> What you will do: For this exercise, repeat exactly the lines below starting at the line holding "This is not" and ending at the line holding "Поздравляем преподавателей нашего", both included, with no extra lines and no pictures.

> Entries supplied:

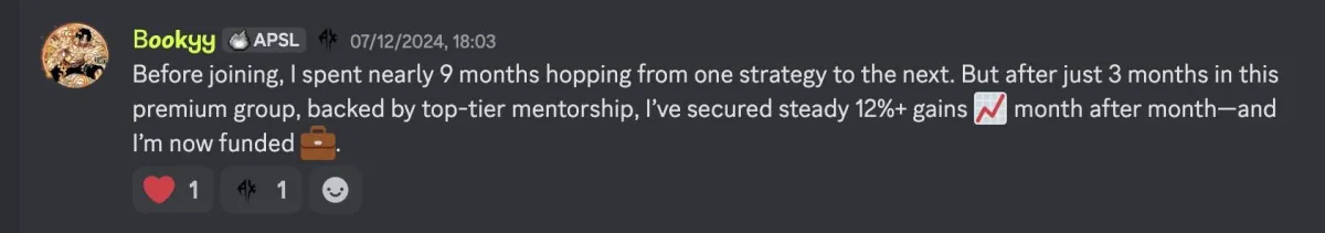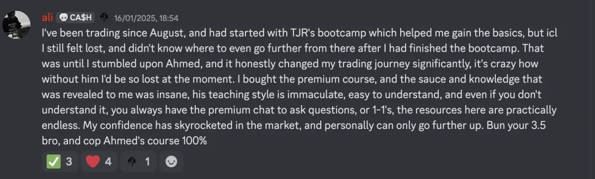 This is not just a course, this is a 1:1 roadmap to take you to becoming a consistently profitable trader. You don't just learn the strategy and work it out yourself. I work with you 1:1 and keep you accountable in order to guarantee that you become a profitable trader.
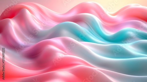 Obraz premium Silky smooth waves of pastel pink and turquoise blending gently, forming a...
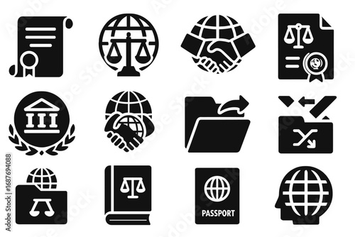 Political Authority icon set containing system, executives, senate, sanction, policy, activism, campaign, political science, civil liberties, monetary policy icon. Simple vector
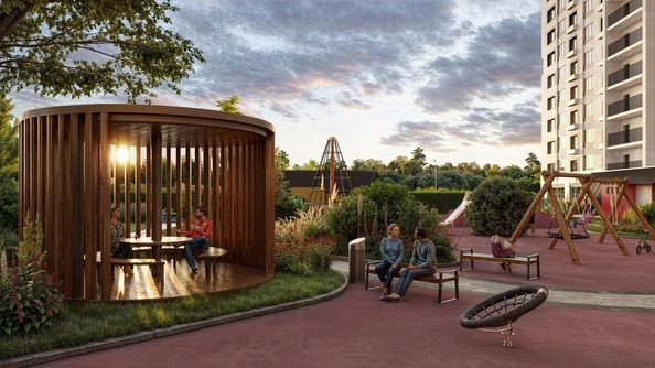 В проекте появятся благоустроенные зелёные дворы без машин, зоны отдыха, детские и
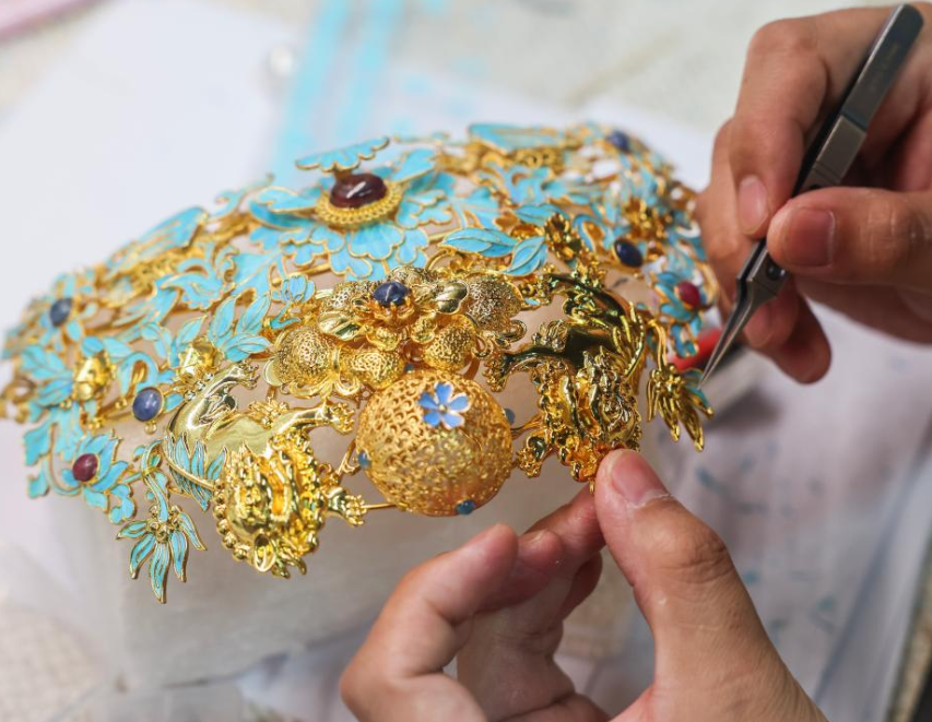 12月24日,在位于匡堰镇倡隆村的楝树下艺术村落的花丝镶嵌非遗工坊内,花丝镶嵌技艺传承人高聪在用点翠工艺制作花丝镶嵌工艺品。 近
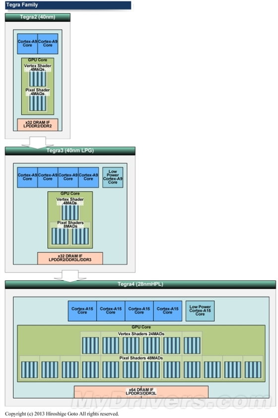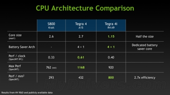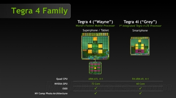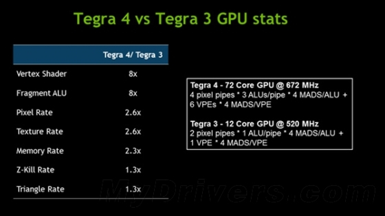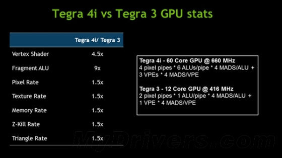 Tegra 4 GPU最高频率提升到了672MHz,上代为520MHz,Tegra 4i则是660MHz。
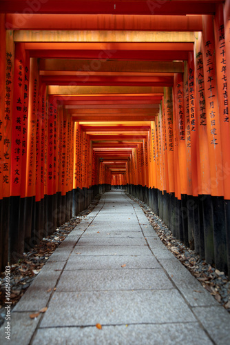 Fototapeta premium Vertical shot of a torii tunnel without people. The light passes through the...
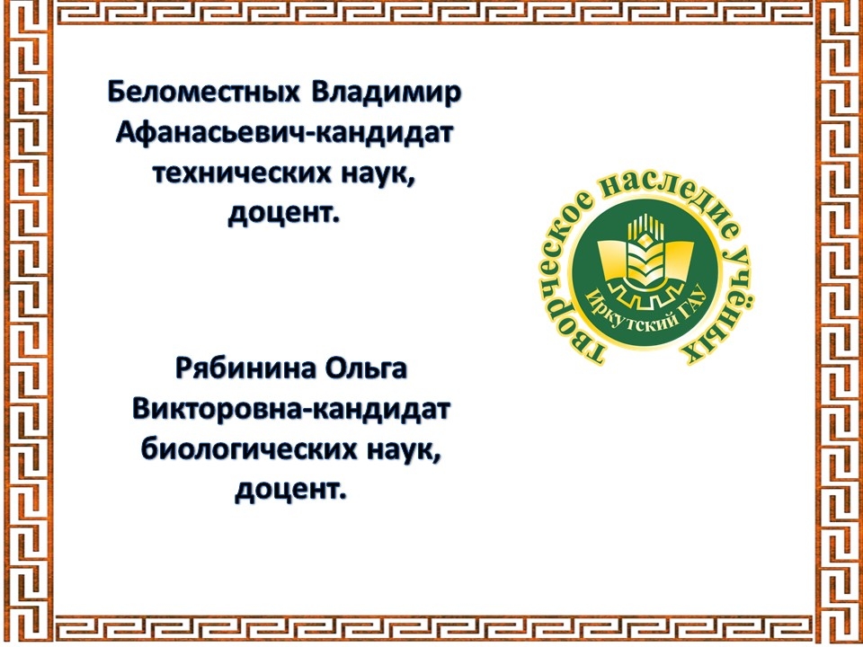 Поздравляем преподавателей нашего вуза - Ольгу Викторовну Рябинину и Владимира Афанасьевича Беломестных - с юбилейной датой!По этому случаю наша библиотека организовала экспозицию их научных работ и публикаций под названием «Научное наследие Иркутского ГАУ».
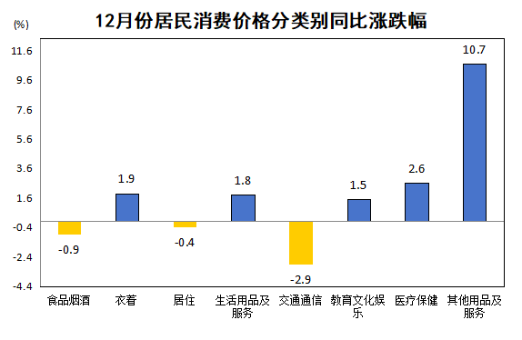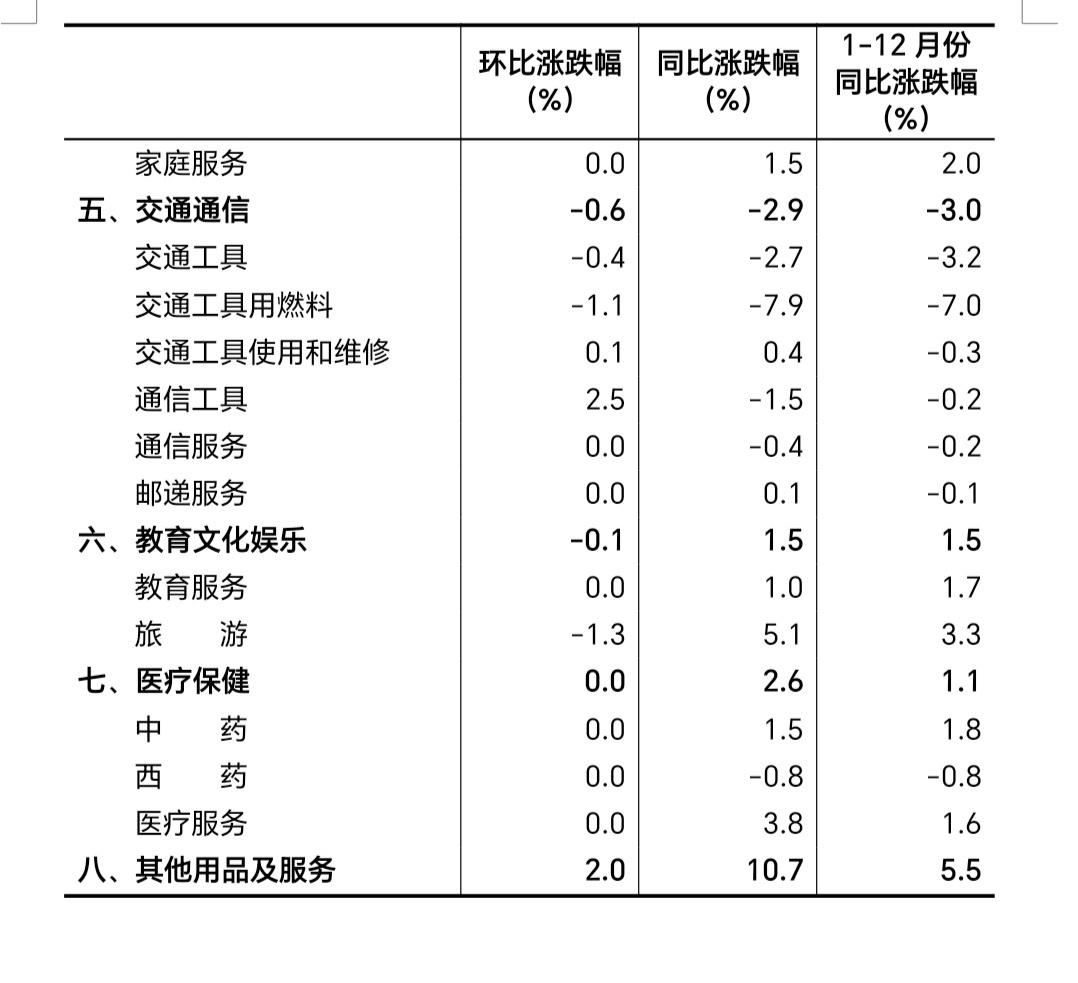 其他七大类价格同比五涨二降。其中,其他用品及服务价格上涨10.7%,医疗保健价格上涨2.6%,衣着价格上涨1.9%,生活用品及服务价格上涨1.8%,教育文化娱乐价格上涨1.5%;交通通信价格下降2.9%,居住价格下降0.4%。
...
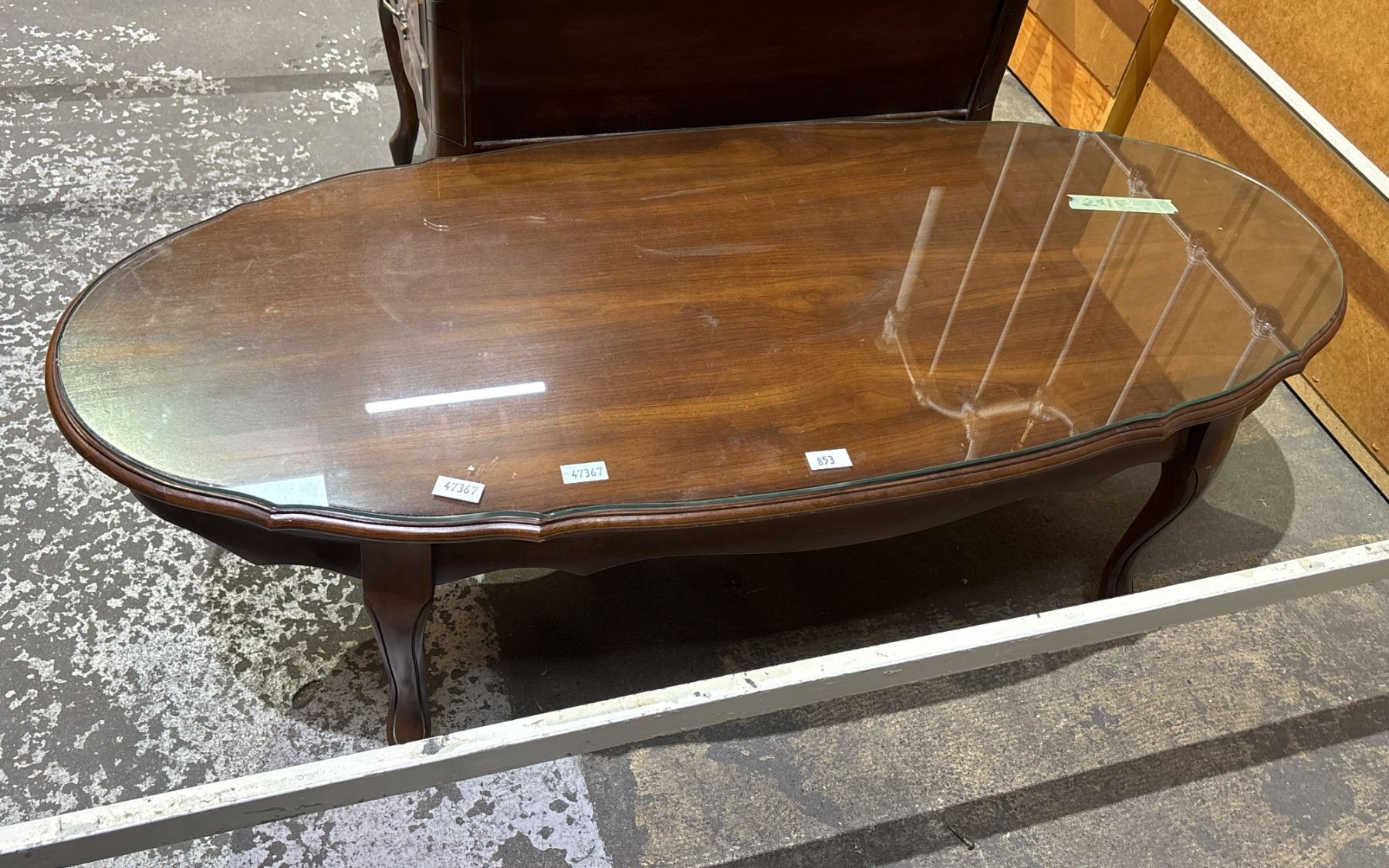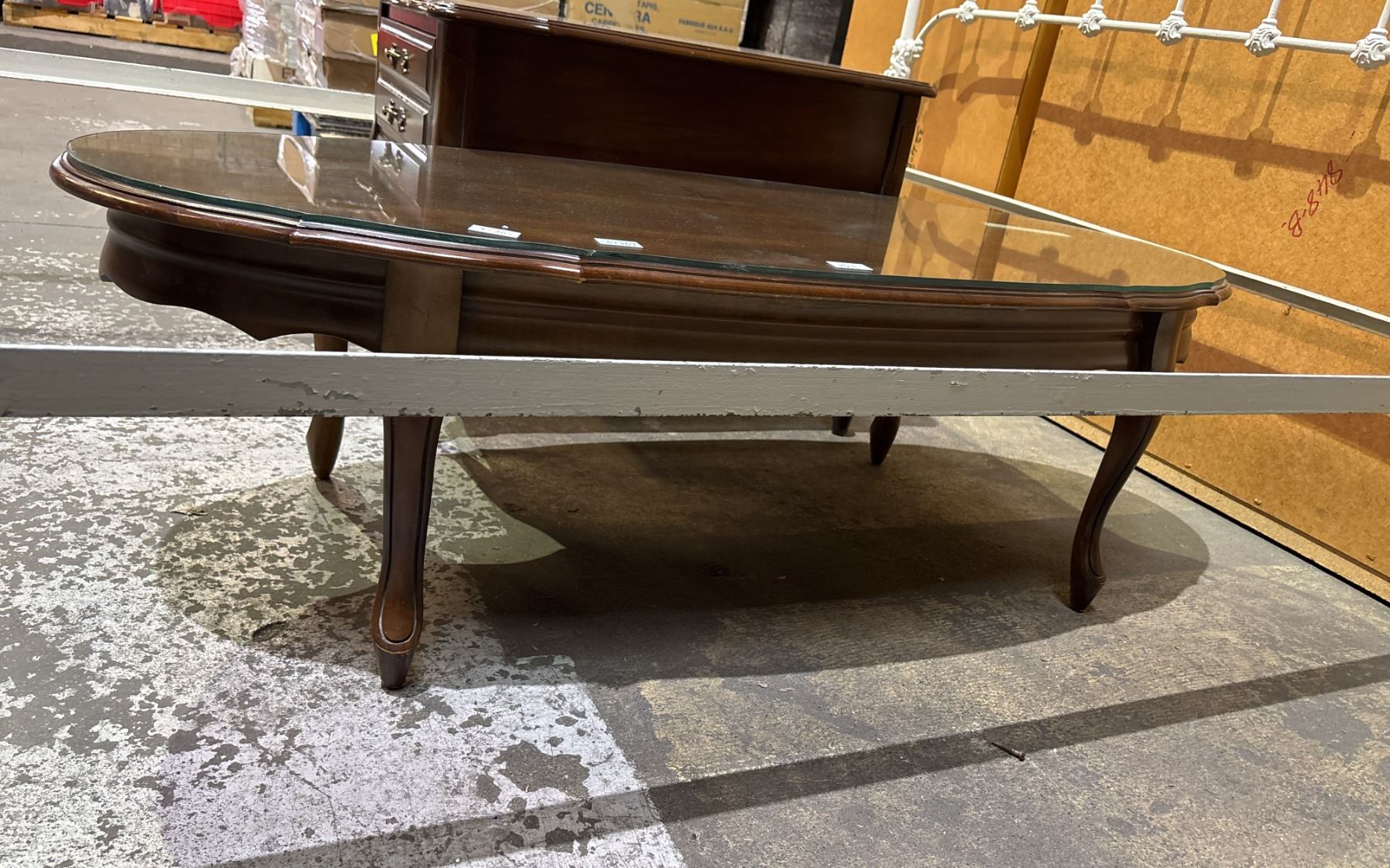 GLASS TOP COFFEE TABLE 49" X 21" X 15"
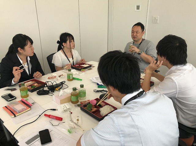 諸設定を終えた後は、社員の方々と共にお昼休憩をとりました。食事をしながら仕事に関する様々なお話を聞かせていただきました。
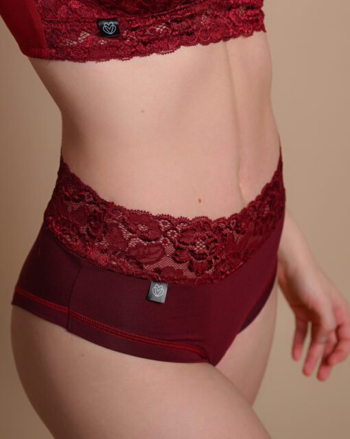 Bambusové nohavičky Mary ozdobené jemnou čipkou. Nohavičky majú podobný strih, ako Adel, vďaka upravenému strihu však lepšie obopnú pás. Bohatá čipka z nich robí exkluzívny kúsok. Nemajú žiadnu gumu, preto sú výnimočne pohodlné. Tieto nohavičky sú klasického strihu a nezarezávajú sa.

> Exercise output:
 This is not just a course, this is a 1:1 roadmap to take you to becoming a consistently profitable trader. You don't just learn the strategy and work it out yourself. I work with you 1:1 and keep you accountable in order to guarantee that you become a profitable trader.
 Obraz premium Silky smooth waves of pastel pink and turquoise blending gently, forming a...
 Political Authority icon set containing system, executives, senate, sanction, policy, activism, campaign, political science, civil liberties, monetary policy icon. Simple vector
 В проекте появятся благоустроенные зелёные дворы без машин, зоны отдыха, детские и
 12月24日,在位于匡堰镇倡隆村的楝树下艺术村落的花丝镶嵌非遗工坊内,花丝镶嵌技艺传承人高聪在用点翠工艺制作花丝镶嵌工艺品。 近
 Tegra 4 GPU最高频率提升到了672MHz,上代为520MHz,Tegra 4i则是660MHz。
 Fototapeta premium Vertical shot of a torii tunnel without people. The light passes through the...
 Поздравляем преподавателей нашего вуза - Ольгу Викторовну Рябинину и Владимира Афанасьевича Беломестных - с юбилейной датой!По этому случаю наша библиотека организовала экспозицию их научных работ и публикаций под названием «Научное наследие Иркутского ГАУ».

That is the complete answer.